_Task brief_
Transcribe the following entries letter for letter, without the pictures.

_Given records_
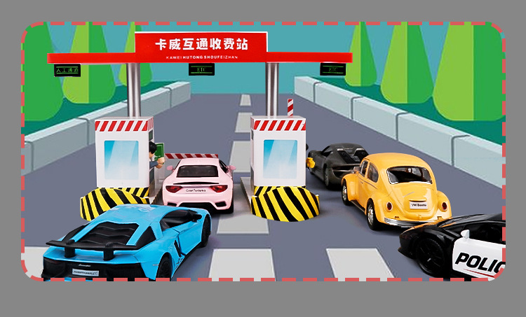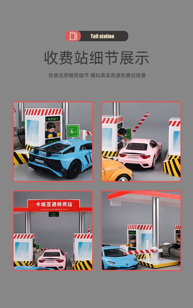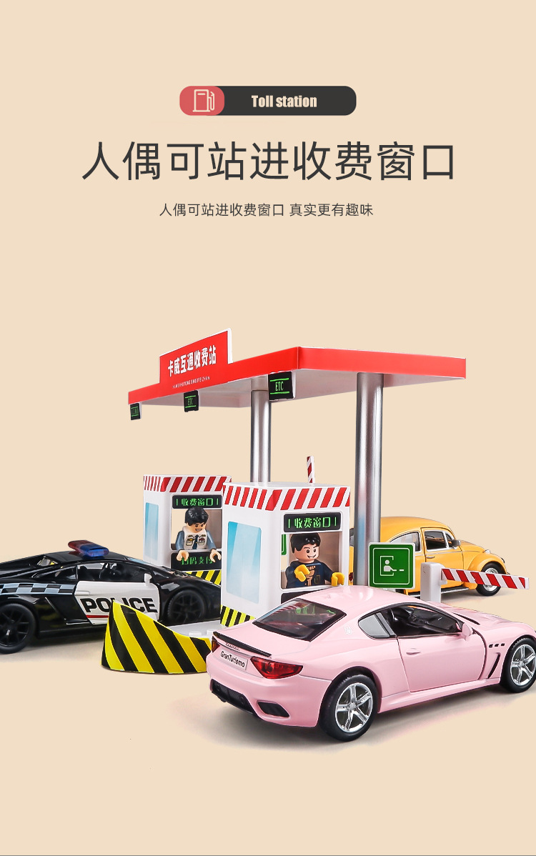 고속도로 요금소 장난감 난간 모형 합금 차 장면 세트 아이들 소년 장난감 차 모형스토어 가기
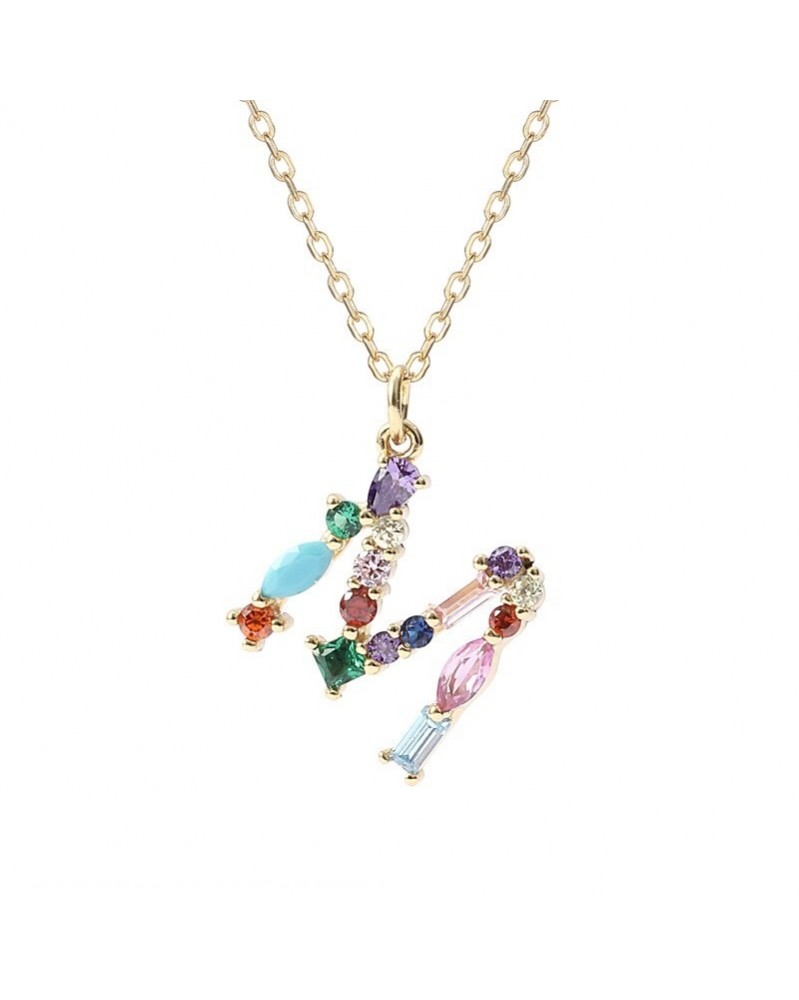 Drágakő színe: M - 925 ezüst európai 26 kezdőbetű medál nyaklánc nők Pavé színes kristály divat party ékszerek
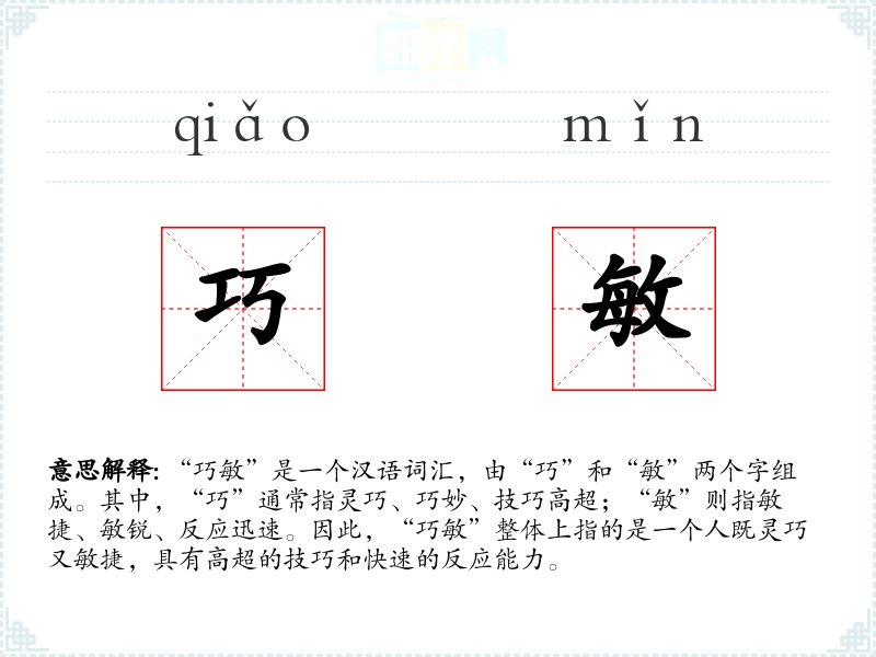 “巧”字最早见于甲骨文,原意为技巧、技艺。“敏”字则源于古代汉语,原意为迅速、敏捷。两个字组合成“巧敏”,强调了技巧与速度的结合,随着时间的推移,这个词在现代汉语中被广泛使用,特别是在形容人的能力和技能时。
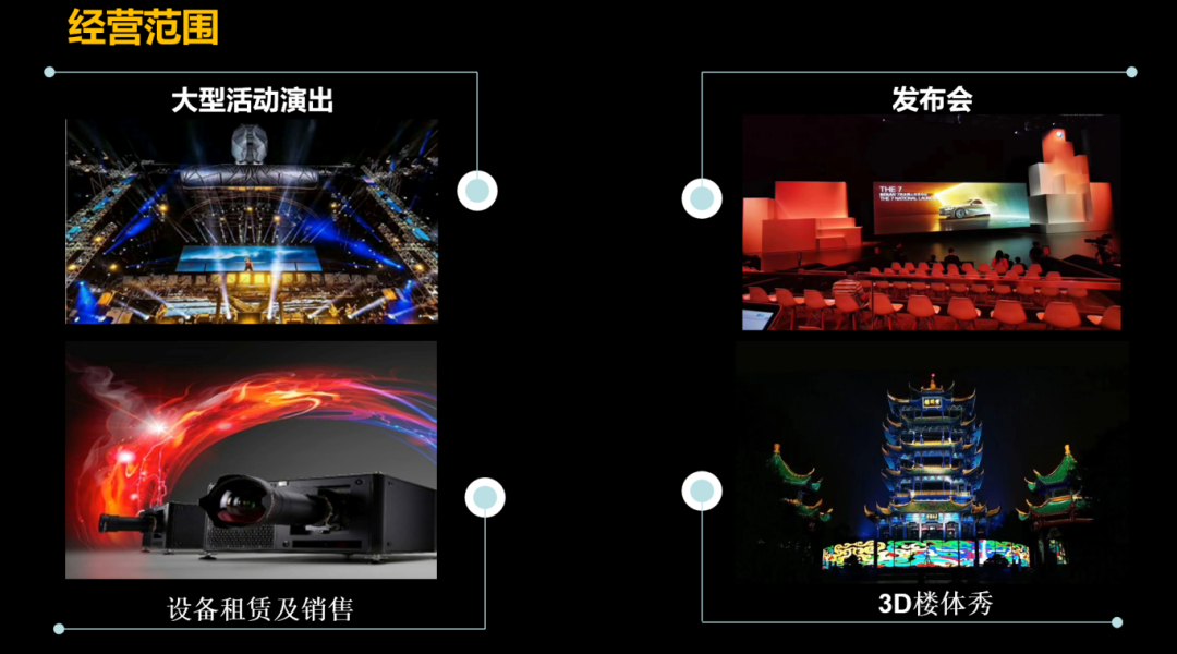 专注于投影设备租赁/工程安装及投影创意视觉的开发和应用,公司拥有300余台各类高端激光工程投影机提供租赁,拥有数百名技术工程师和设计师团队;公司成立至今,已顺利完成众多国家级/省部级大型赛事文艺演出、文旅夜游、会议展览、大型品牌公关活动的投影视效设计与执行。公司总部位于北京,并在武汉、上海、深圳、成渝等地设立了分部和设备仓储地,覆盖华北、华东、华南、华中、西南等片区;华丽憬鹏致力于打造具有国际化视野、行业领先水平的专业技术团队,为客户提供优质/高效/前沿的创意视效、全息投影、裸眼3D、沉浸式、互动、实景演出等一站式视觉解决方案。
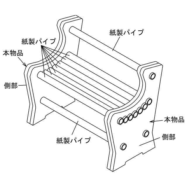 本物品は、樹脂、紙、再生紙などからなるシート材と紙製パイプからチェアーとして組み立てられる組立チェアーの一対の側部の一つとして用いられるチェアー側部用ブランクシートである。本物品は、[各部名称を示す参考正面図]のミシン目であるハーフカットラインで二つ折りに折り返したり、折り返した物を複数枚重ねたりすることでチェアーの一対の側部の一つが形成される。そして、本物品は、組立チェアーの側部として二つ折りにした本物品同士、又は二つ折りにした本物品を重ねた物同士を所定距離離間して一対並べてそれぞれのシートパイプ用孔及び連結パイプ用孔([各部名称を示す参考正面図]参照)に複数本の紙製パイプを挿入して組み立て連結することで、[使用状態を示す参考斜視図]に示すように、屋内又は屋外で使用されるチェアーとして使用される。
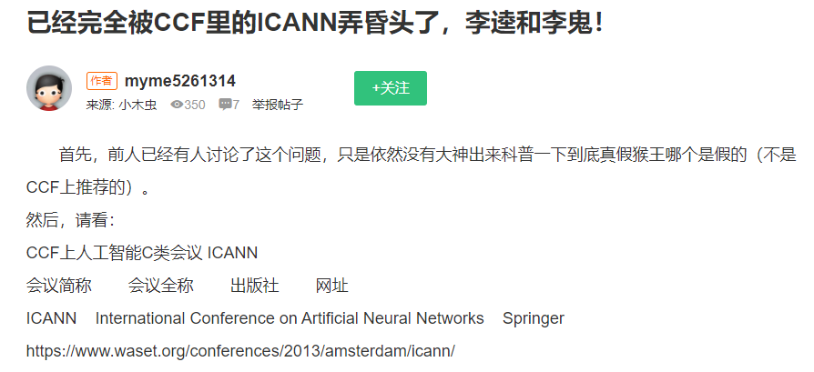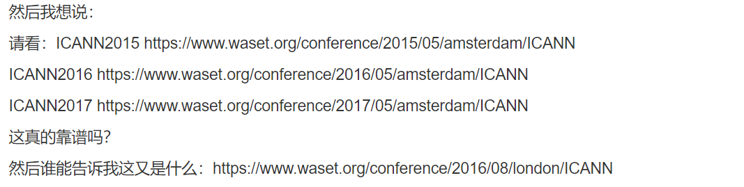 其实,ICRA 并不是第一个被冒充的 AI 顶会。早在几年前就有人在小木虫论坛上表示,自己被网上出现的多个 ICANN 会议搞晕了。在最新版《中国计算机学会推荐国际学术会议和期刊目录》中,ICANN 是 Springer 下属的人工智能 C 类会议,与 ACML、NAACL 等会议同级。这位发帖者表示,他在网上发现了多个和 ICANN 相关的奇怪网址,和 Springer 给出的差别很大,不知道哪个是「李逵」,哪个是「李鬼」。

_Result of the exercise_
 고속도로 요금소 장난감 난간 모형 합금 차 장면 세트 아이들 소년 장난감 차 모형스토어 가기
 Drágakő színe: M - 925 ezüst európai 26 kezdőbetű medál nyaklánc nők Pavé színes kristály divat party ékszerek
 “巧”字最早见于甲骨文,原意为技巧、技艺。“敏”字则源于古代汉语,原意为迅速、敏捷。两个字组合成“巧敏”,强调了技巧与速度的结合,随着时间的推移,这个词在现代汉语中被广泛使用,特别是在形容人的能力和技能时。
 专注于投影设备租赁/工程安装及投影创意视觉的开发和应用,公司拥有300余台各类高端激光工程投影机提供租赁,拥有数百名技术工程师和设计师团队;公司成立至今,已顺利完成众多国家级/省部级大型赛事文艺演出、文旅夜游、会议展览、大型品牌公关活动的投影视效设计与执行。公司总部位于北京,并在武汉、上海、深圳、成渝等地设立了分部和设备仓储地,覆盖华北、华东、华南、华中、西南等片区;华丽憬鹏致力于打造具有国际化视野、行业领先水平的专业技术团队,为客户提供优质/高效/前沿的创意视效、全息投影、裸眼3D、沉浸式、互动、实景演出等一站式视觉解决方案。
 本物品は、樹脂、紙、再生紙などからなるシート材と紙製パイプからチェアーとして組み立てられる組立チェアーの一対の側部の一つとして用いられるチェアー側部用ブランクシートである。本物品は、[各部名称を示す参考正面図]のミシン目であるハーフカットラインで二つ折りに折り返したり、折り返した物を複数枚重ねたりすることでチェアーの一対の側部の一つが形成される。そして、本物品は、組立チェアーの側部として二つ折りにした本物品同士、又は二つ折りにした本物品を重ねた物同士を所定距離離間して一対並べてそれぞれのシートパイプ用孔及び連結パイプ用孔([各部名称を示す参考正面図]参照)に複数本の紙製パイプを挿入して組み立て連結することで、[使用状態を示す参考斜視図]に示すように、屋内又は屋外で使用されるチェアーとして使用される。
 其实,ICRA 并不是第一个被冒充的 AI 顶会。早在几年前就有人在小木虫论坛上表示,自己被网上出现的多个 ICANN 会议搞晕了。在最新版《中国计算机学会推荐国际学术会议和期刊目录》中,ICANN 是 Springer 下属的人工智能 C 类会议,与 ACML、NAACL 等会议同级。这位发帖者表示,他在网上发现了多个和 ICANN 相关的奇怪网址,和 Springer 给出的差别很大,不知道哪个是「李逵」,哪个是「李鬼」。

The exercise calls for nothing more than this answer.